Not all Special Educational Needs are immediately obvious. Some are initially hidden, such as dyslexia, autism or ADHD. When parents approach me about their child with SEN of this kind, they are often confused and perplexed about why their child is behaving in a certain way.
Most often, but not always, it is the mother who first sees that there is a problem. In my experience, it is rare that both parents see their child in the same way. Coming to terms with the real situation involves a roller coaster of emotions and often a rebranding of approaches and expectations. At the very least, it requires a shift in family dynamics and a great deal of effort to bring about change. Acceptance of the reality requires time.
One of the first tasks that I ask of the parents who get in touch with me, is to write down what they believe is the problem, what they would like to happen and some background of the family situation. They have normally told me most of this on the phone, but their recording of it on paper can be therapeutic and sometimes revealing. It also tells me how committed they are to working with me and how accepting they are that they and their child may need help.
I have told them that it will be hard to make changes and sometimes things will get worse before they get better, as the child fights against a new regime. In about eight out of ten cases I don't hear again from the parent who contacted me. In my experience, these are often parents who have not yet accepted that the difficulties that they are experiencing will not just go away. These are sometimes the parents who want me to say to them, 'do this and then this', and all will be ok in x number of months. Occasionally, a non-reply might mean that the parent has seen for themselves what they can do differently. Coming to terms is not purely acceptance of a diagnosis but also realisation that everyday life will change.
Grief and acceptance
Recently there was a bereavement in our family and we all dealt with this in our various ways. Some wanted to talk and reminisce about the person, others didn’t wish to broach the subject, at least not immediately. Coming to terms with acknowledging and accepting your child’s special needs is similar to a bereavement, in that it can be a loss of part of the future you expected. There is the hard task of ‘moving on’ in a world that has changed for you. This is made doubly hard if one parent is in denial that their child needs extra help and that they need to seek guidance.
It is an emotional struggle to understand and accept a child who is different; different from their peers and different from what you expected. The child you thought you were going to have is not there and the gradual acceptance involves also accepting that you, too, have suffered a loss. When one parent won’t talk about this and refuses to believe that their child’s behaviour is anything other than being naughty or being spoilt by the other parent, it can create a tense atmosphere. Nearly all children can sense this tension and it makes them feel unsafe and unsure, thus exacerbating the unwanted behaviours. It is also very hard indeed on the parent who is accepting of the difficulty with their child and trying to find a way forward.
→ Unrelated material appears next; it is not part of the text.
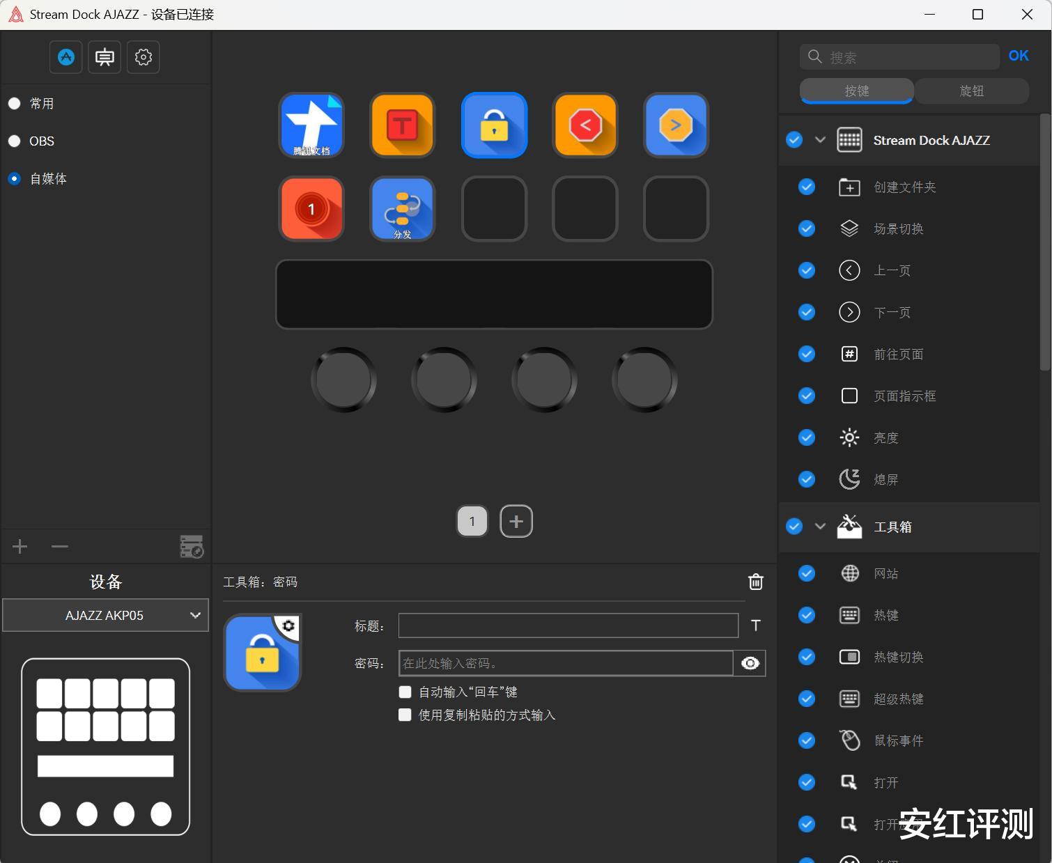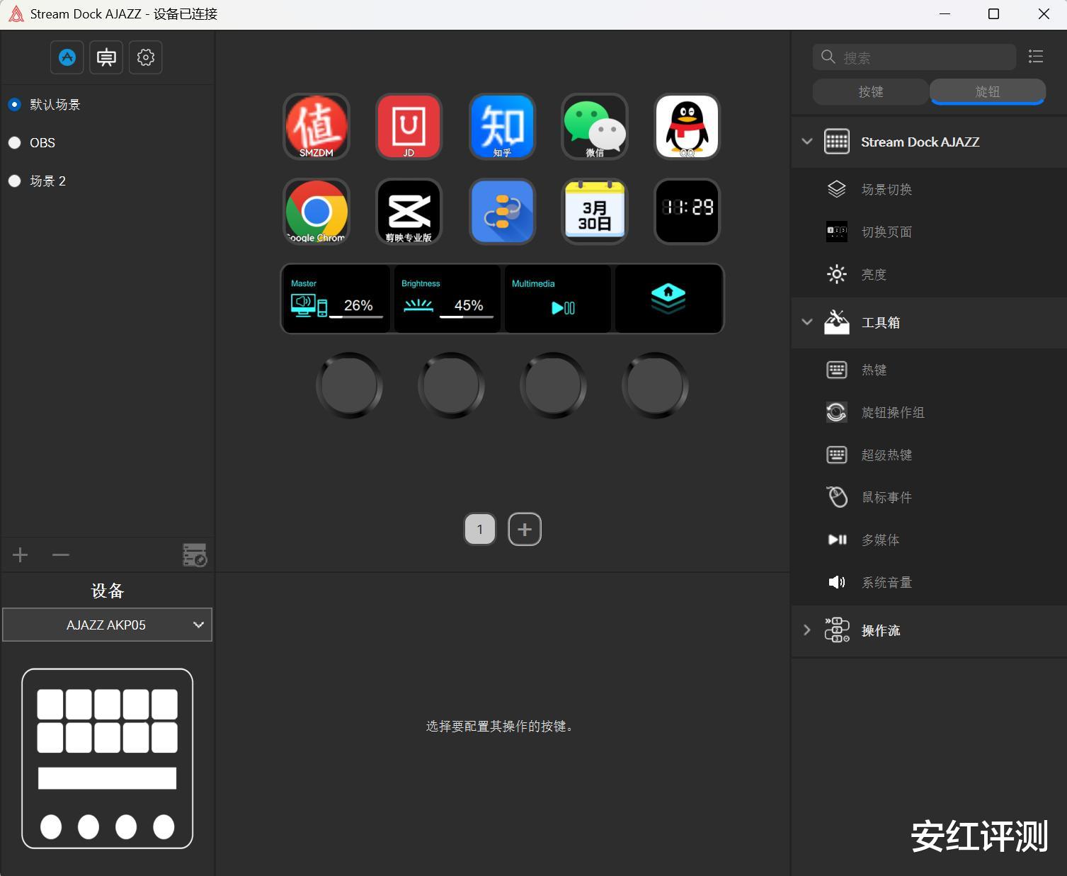 黑爵为AKP系列配置了专属软件Stream Dock AJAZZ。连接PC后默认AKP05并开启相应的显示调节画面。此款软件横向采取左中右布局,左侧是多场景展示控制模块,中间是按键、触控和旋钮编辑区域,右侧则是按键和旋钮的功能插件可选列表。整体看UI设计比较简洁。

When the ‘labels’ surrounding your child increase in number you can feel like you just want it to stop. Each label means another loss and another battle. Recently I have been looking at old family videos, collecting anecdotes for my son’s best man to use (or not) in his wedding speech. It made me realise that I had not appreciated the precious moments that some of the footage showed- more moments than I expected actually. I have hardly any memories of my two sons, one with special needs and one without, playing with each other and having fun. I remembered friction between them and me peace-keeping. But there it is, the two of them singing with actions, a very funny song that the eldest had learned at Cubs and at the end the youngest jumping into his arms. I don’t remember this. What was I doing? Taking the opportunity to make the dinner or wash up? I missed it and thus missed a chance to build up my emotional armoury to cope with day to day life. Emotional resilience is essential when dealing with special needs to help you handle the stress and the crises.
Resilience is not just your ability to bounce back, but also your capacity to adapt in the face of challenging circumstances, whilst maintaining a stable mental wellbeing. Resilience isn't a personality trait – it's something that we can all take steps to achieve.www.mind.org.uk
Some steps that can help
- Understand the situation that you find yourself in, talk to others, do some research, share.
- Remind yourself that you are strong enough to accept this challenge. Think of how you have shown this in the past, maybe in the work place, at school or a physical endeavour.
- Be a half full glass kind of person. It really helps if you can sometimes hit the pause button and spend time appreciating your child. Take the time to laugh together one on one and as a family. Go on a bike ride, skip, have water fights. The exercise will activate your endorphins and make you feel good.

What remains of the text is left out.